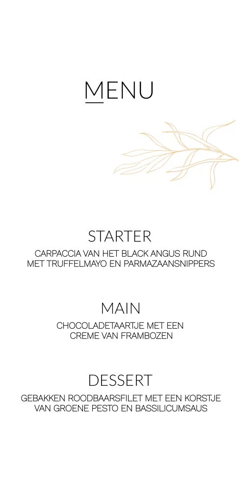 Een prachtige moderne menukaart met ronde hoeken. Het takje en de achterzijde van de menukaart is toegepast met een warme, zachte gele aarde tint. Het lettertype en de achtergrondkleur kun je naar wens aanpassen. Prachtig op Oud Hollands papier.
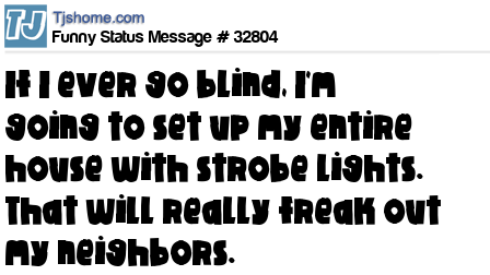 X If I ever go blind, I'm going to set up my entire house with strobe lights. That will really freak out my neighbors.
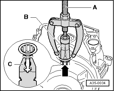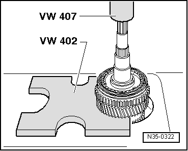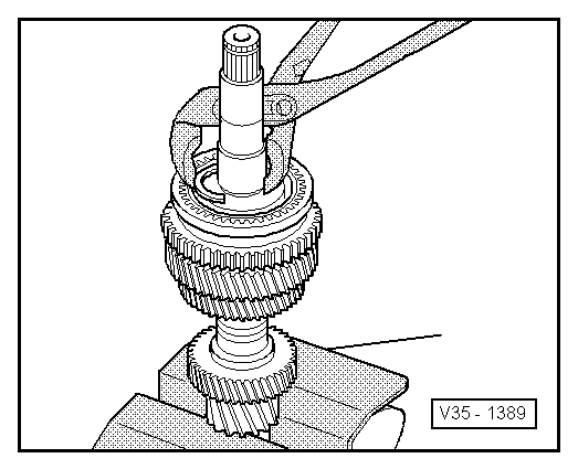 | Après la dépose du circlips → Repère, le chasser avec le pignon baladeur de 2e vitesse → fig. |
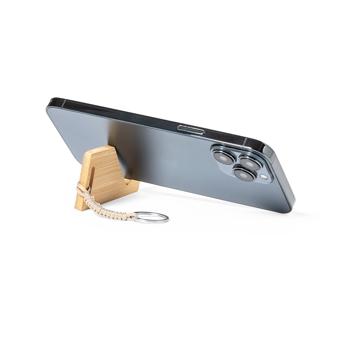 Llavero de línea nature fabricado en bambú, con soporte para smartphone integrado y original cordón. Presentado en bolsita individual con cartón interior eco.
--
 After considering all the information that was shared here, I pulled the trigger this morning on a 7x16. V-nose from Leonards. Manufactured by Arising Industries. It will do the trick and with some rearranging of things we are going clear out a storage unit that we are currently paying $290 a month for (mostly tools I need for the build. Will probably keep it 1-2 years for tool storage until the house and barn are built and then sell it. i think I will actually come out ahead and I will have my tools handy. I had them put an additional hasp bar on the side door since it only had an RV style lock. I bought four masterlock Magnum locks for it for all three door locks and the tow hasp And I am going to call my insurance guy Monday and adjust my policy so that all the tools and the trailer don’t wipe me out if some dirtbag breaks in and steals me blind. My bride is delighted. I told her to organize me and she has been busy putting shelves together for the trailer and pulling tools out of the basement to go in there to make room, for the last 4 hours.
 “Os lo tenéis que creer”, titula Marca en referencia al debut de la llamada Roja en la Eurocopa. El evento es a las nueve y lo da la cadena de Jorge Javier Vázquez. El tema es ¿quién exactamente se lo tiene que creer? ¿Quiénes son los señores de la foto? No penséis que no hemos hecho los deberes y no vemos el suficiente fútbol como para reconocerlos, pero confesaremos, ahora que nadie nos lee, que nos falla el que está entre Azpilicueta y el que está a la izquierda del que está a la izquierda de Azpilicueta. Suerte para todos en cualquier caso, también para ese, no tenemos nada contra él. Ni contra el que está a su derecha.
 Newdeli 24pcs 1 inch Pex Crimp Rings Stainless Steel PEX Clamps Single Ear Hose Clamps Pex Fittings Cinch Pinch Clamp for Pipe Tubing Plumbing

Assignment
Return the stretch of data that begins with the line showing "vitesse → fig. |" and goes on through the line showing "Llavero de línea", exactly, with pictures removed.

Exercise result
 | Après la dépose du circlips → Repère, le chasser avec le pignon baladeur de 2e vitesse → fig. |
 Llavero de línea nature fabricado en bambú, con soporte para smartphone integrado y original cordón. Presentado en bolsita individual con cartón interior eco.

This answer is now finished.